Given information =>
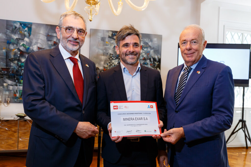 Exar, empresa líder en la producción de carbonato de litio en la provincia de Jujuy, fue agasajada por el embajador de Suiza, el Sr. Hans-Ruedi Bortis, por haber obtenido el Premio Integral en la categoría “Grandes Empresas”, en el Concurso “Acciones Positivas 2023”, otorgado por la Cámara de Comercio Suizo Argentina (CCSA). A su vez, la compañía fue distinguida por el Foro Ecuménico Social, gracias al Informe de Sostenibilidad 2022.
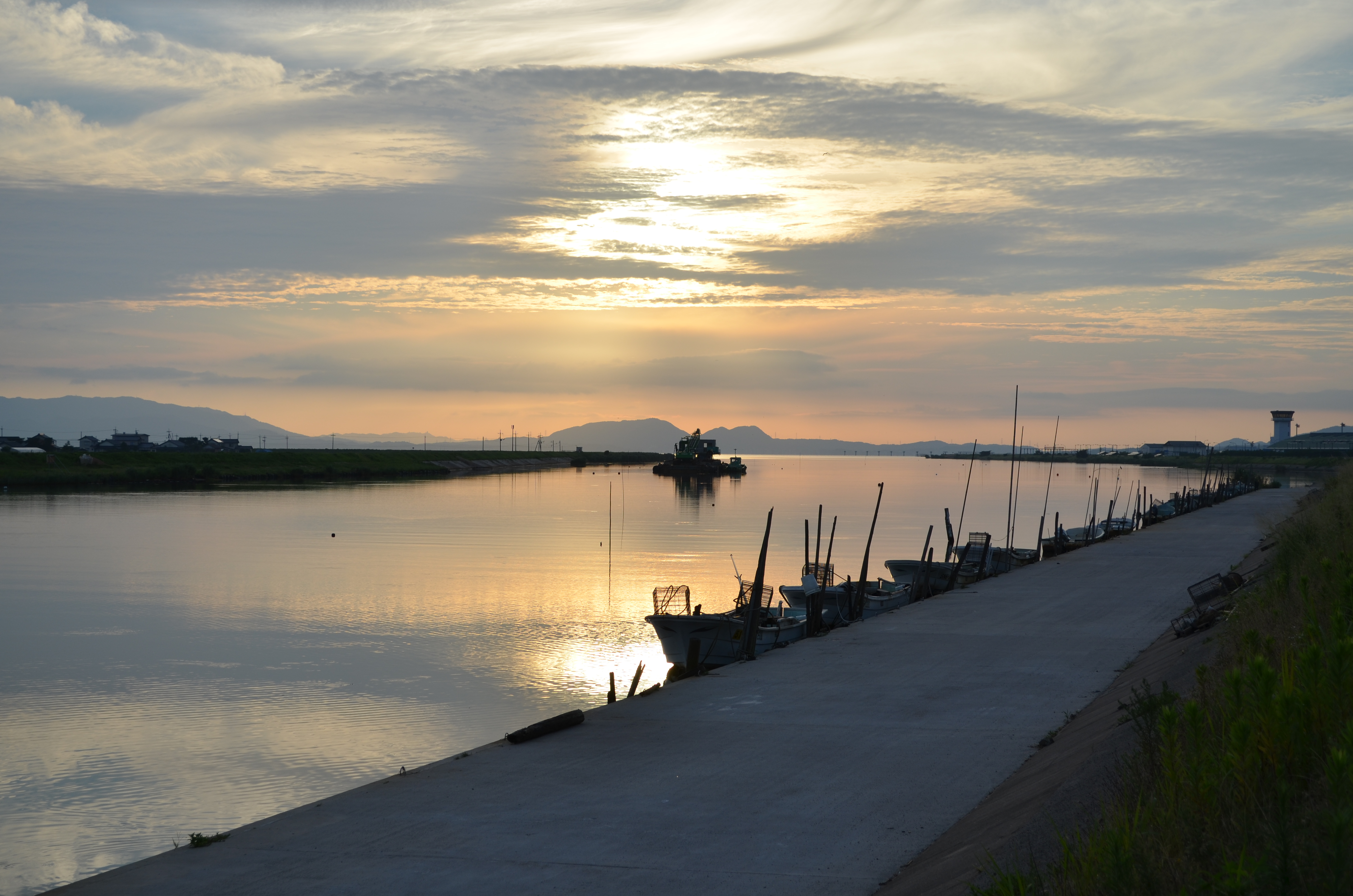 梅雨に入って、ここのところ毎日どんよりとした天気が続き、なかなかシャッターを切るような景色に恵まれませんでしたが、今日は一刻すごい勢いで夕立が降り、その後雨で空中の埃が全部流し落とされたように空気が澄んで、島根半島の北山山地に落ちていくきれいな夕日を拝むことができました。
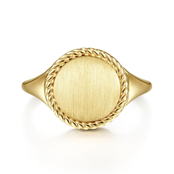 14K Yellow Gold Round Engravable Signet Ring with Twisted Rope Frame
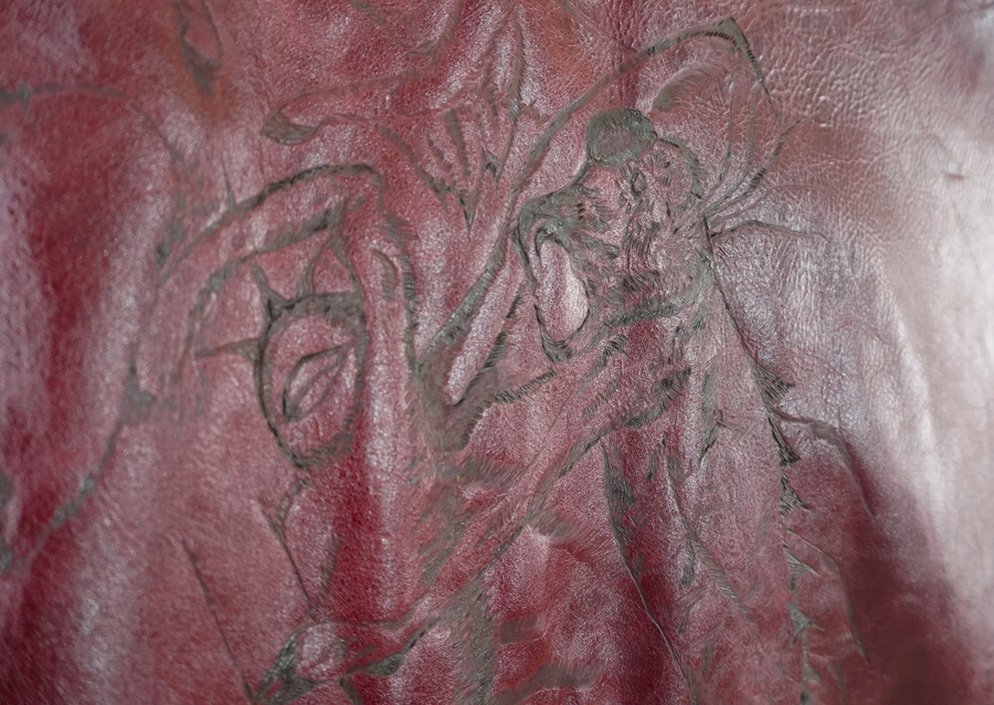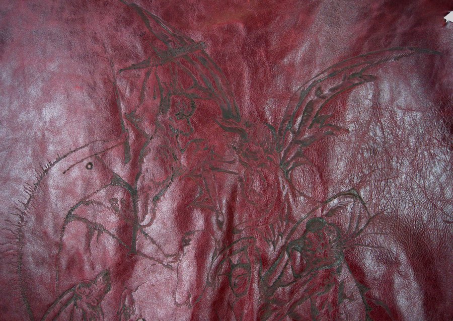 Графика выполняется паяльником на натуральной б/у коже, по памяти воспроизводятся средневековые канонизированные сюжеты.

What you have to do => The data is to be restated word for word, with any pictures set aside.

The answer =>
 Exar, empresa líder en la producción de carbonato de litio en la provincia de Jujuy, fue agasajada por el embajador de Suiza, el Sr. Hans-Ruedi Bortis, por haber obtenido el Premio Integral en la categoría “Grandes Empresas”, en el Concurso “Acciones Positivas 2023”, otorgado por la Cámara de Comercio Suizo Argentina (CCSA). A su vez, la compañía fue distinguida por el Foro Ecuménico Social, gracias al Informe de Sostenibilidad 2022.
 梅雨に入って、ここのところ毎日どんよりとした天気が続き、なかなかシャッターを切るような景色に恵まれませんでしたが、今日は一刻すごい勢いで夕立が降り、その後雨で空中の埃が全部流し落とされたように空気が澄んで、島根半島の北山山地に落ちていくきれいな夕日を拝むことができました。
 14K Yellow Gold Round Engravable Signet Ring with Twisted Rope Frame
 Графика выполняется паяльником на натуральной б/у коже, по памяти воспроизводятся средневековые канонизированные сюжеты.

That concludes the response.